なお、平均粒子径10μm以上の場合は、金型への充填が困難であった。
2 把持部材2
3 外装パイプ
Claims (7)
- 肉厚1mm以下の薄肉部を有する焼結体を製造するための方法であって、金属粉末と有機バインダを含有する成形材料を射出成形して成形体を得る工程と、前記成形体を脱脂・焼結して焼結体を得る脱脂・焼結工程とを有し、
前記金属粉末が、平均粒径1〜6μmの粉末であって、ステンレス合金粉末、チタン合金粉末、及び/又は焼結によりステンレス合金もしくはチタン合金を形成する合金前駆体粉末、から選択され、
前記成形材料中の前記有機バインダの割合が、前記成形材料全量の40〜50体積%であり、
前記脱脂・焼結工程において、焼結最高温度が900〜1200℃であり、温度帯100〜400℃における昇温速度が100℃/hr以下であり、温度帯600〜800℃における昇温速度が200℃/hr以下である
ことを特徴とする方法。 - 前記金属粉末が、Ti−Al−V合金粉末、及び/又は焼結によりTi−Al−V合金を形成する合金前駆体粉末、から選択されることを特徴とする、請求項1に記載の製造方法。
- 前記金属粉末が、ステンレス合金粉末、及び/又は焼結によりステンレス合金を形成する合金前駆体粉末、から選択されることを特徴とする、請求項1に記載の製造方法。
- 温度帯600〜800℃における昇温が、水素雰囲気下あるいは真空下で行われることを特徴とする、請求項1〜3のいずれか1項に記載の製造方法。
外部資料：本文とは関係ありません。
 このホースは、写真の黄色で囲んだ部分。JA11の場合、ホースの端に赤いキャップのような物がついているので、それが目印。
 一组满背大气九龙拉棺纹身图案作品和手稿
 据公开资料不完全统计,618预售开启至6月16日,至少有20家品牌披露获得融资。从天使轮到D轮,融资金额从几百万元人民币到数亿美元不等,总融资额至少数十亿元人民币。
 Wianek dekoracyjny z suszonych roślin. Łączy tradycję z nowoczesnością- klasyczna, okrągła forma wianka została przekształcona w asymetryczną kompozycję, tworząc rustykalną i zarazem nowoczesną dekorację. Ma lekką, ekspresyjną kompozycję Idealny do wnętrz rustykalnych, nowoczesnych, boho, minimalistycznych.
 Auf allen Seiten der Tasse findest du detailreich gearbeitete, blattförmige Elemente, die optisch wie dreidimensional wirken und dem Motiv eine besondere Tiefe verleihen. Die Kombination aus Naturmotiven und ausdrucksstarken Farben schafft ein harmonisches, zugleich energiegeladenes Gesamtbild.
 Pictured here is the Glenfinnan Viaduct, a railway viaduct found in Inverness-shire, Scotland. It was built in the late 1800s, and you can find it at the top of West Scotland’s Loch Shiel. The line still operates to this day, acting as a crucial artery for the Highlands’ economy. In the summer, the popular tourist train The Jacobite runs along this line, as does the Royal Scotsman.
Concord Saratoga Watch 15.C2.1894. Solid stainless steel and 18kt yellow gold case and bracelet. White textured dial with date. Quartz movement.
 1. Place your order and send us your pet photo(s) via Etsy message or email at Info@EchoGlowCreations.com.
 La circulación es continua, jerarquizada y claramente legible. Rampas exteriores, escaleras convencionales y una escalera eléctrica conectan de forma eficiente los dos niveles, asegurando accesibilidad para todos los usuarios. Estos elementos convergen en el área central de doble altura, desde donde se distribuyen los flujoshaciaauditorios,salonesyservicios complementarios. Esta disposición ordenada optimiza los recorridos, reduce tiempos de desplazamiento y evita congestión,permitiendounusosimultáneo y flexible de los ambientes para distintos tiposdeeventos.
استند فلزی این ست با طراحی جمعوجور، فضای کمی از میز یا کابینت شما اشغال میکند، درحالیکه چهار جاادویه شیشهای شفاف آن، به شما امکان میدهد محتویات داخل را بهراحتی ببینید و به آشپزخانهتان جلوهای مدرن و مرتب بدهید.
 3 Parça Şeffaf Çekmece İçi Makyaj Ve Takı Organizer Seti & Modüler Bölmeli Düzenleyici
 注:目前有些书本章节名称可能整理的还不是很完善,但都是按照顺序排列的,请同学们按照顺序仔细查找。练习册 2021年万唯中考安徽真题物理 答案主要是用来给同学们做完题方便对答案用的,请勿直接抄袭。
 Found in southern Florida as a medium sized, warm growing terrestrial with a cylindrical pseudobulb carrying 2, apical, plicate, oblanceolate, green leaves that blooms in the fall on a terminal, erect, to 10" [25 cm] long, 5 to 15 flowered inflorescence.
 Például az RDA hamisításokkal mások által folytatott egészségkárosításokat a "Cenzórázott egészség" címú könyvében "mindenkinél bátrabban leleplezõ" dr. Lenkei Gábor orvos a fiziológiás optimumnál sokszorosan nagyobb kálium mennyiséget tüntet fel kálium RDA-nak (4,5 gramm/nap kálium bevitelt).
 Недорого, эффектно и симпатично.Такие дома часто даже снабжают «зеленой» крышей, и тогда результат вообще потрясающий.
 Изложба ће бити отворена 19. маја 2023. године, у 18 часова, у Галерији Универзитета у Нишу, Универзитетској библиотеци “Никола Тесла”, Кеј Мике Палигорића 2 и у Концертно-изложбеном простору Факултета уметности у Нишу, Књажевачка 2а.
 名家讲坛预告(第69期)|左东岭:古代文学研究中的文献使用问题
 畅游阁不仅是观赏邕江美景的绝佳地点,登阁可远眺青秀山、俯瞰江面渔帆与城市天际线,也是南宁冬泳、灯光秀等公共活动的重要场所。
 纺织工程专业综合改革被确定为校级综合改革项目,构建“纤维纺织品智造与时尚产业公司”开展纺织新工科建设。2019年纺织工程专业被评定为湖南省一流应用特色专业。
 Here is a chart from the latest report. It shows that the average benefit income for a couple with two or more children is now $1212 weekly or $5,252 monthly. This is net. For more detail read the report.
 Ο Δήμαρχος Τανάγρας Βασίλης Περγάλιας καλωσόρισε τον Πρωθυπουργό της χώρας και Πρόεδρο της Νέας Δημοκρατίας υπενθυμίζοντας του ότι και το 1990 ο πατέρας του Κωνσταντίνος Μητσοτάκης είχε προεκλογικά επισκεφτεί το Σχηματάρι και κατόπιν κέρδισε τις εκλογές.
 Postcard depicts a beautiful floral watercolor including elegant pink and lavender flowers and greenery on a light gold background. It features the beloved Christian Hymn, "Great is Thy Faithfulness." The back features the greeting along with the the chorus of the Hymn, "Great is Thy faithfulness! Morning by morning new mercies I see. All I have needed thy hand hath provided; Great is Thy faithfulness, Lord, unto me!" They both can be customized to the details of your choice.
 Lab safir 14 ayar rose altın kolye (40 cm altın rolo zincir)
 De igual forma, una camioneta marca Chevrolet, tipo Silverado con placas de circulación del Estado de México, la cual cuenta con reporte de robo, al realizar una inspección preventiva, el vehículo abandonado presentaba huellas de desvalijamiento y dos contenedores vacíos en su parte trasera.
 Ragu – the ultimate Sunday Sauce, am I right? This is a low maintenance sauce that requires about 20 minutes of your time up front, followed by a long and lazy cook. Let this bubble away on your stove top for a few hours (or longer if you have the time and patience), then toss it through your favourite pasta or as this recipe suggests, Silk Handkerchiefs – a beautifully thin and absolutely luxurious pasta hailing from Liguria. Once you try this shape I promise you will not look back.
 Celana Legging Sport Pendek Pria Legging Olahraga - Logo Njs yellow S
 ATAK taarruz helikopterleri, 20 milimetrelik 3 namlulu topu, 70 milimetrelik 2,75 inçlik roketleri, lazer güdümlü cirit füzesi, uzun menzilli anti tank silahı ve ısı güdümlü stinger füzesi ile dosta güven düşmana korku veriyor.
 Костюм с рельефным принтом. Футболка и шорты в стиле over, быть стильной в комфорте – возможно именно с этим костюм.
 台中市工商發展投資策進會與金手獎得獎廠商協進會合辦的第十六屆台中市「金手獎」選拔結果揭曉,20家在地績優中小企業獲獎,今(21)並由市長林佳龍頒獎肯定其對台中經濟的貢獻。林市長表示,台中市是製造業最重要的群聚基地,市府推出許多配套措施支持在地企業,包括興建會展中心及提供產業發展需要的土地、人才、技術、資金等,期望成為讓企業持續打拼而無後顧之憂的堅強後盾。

- 前記脱脂・焼結工程を同一炉内若しくは連続炉内で行うことを特徴とする、請求項1〜4のいずれか1項に記載の製造方法。
- 前記金属粉末の平均粒径が2〜4μmであることを特徴とする、請求項1〜5のいずれか1項に記載の製造方法。
- 焼結密度が95%以上、焼結後の平均面粗さがRaで1μm以下、ビッカース硬度が200〜600HV、引張強度が800MPa以上の焼結体を製造することを特徴とする、請求項1〜6のいずれか1項に記載の製造方法。